And when Michael and Rosemaree haven’t got their hands full dealing with Johnny’s distress, they have to cope with seven-year-old Chloe, who suffers from autism as well as epilepsy.

Both kids have been in need of special care since they were two.

Three weeks ago the two stressed-out parents steeled themselves and made the move from Wynnum to Little Mountain so their children could attend the well-resourced Currimundi Special School.

And while they are over the moon with the new learning environment, they say life at home is a living hell due to lack of support from state government agencies.

Johnny’s face is badly damaged from constant falls on the bare concrete floors of their department of housing home, which now has some matting – thanks to the Society of St Vincent de Paul.

But the deepest cuts have been inflicted emotionally by the latest rejection by Disability Services Queensland of special support funding for their children.

Michael is struggling to comprehend their fourth rejection for funding that could help meet their children’s special needs and provide urgent parental respite.

The strain was evident in Michael’s voice as he told how their life was threatening to unravel.
“They are putting us through hell,” said the invalid carer, who gets $100 a fortnight on top of his normal pension. “We weren’t going to put in for the latest application for funding, not after the last three rejections, but DSQ said this time they would look after us and things would be right.

“They seem to set us up and then keep knocking us down – we haven’t had respite in three months and we badly need it.

“Johnny needs a $40,000 special wheelchair to go to school because of his seizures, and that money would help towards that.”

Michael said they had been hoping for funding of $15,000 to $20,000 to help provide for the children’s special needs, and were not told why their application had again failed.

They have been unable to talk to the DSQ about arranging a funding appeal, which must be lodged in 10 days, and fear they are being fobbed off.

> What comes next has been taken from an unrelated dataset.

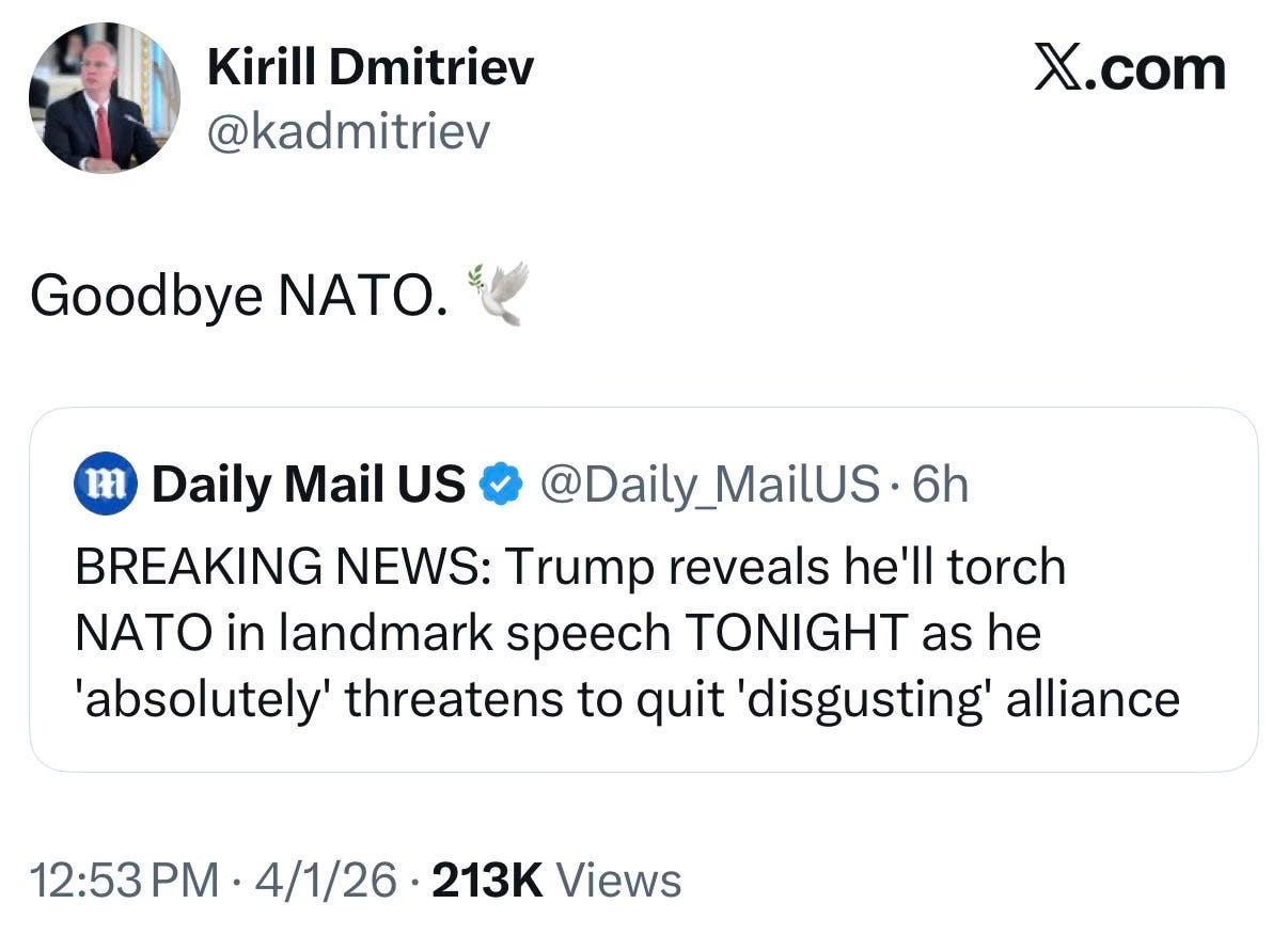 Kirill Dmitriev, as you know, is Putin’s envoy to the United States. A money-man, he is known as “Putin’s wallet.” His counterparts are Trump’s business partner, Steve Witkoff, and his son-in-law, Jared Kushner.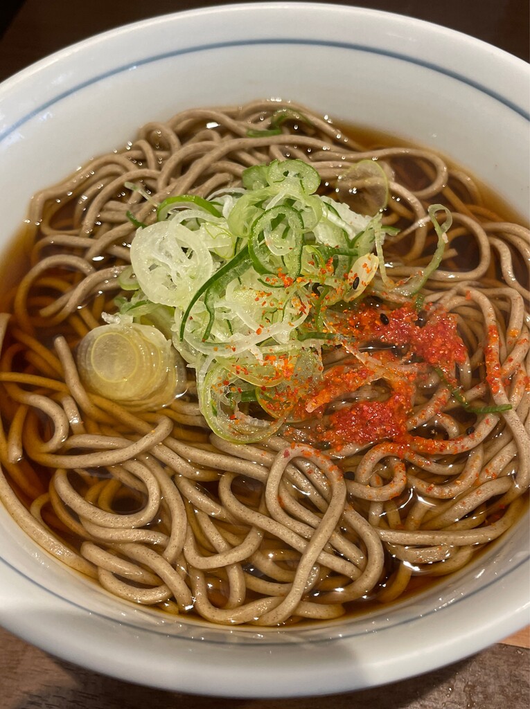 やや色濃いめの出汁に細めのしっかり蕎麦。

“It’s bad enough having the stress of looking after Johnny, and then you have to deal with Chloe, without having all this extra worry,” Michael said.

While Michael appreciated the housing authority moving them into a home in Caloundra in a relatively short space of time, promises to provide additional fittings had not been met.

“They said they would look after us and even provide shatter-proof glass and specially rounded edges,” he said.

A DSQ spokesman could not be contacted yesterday.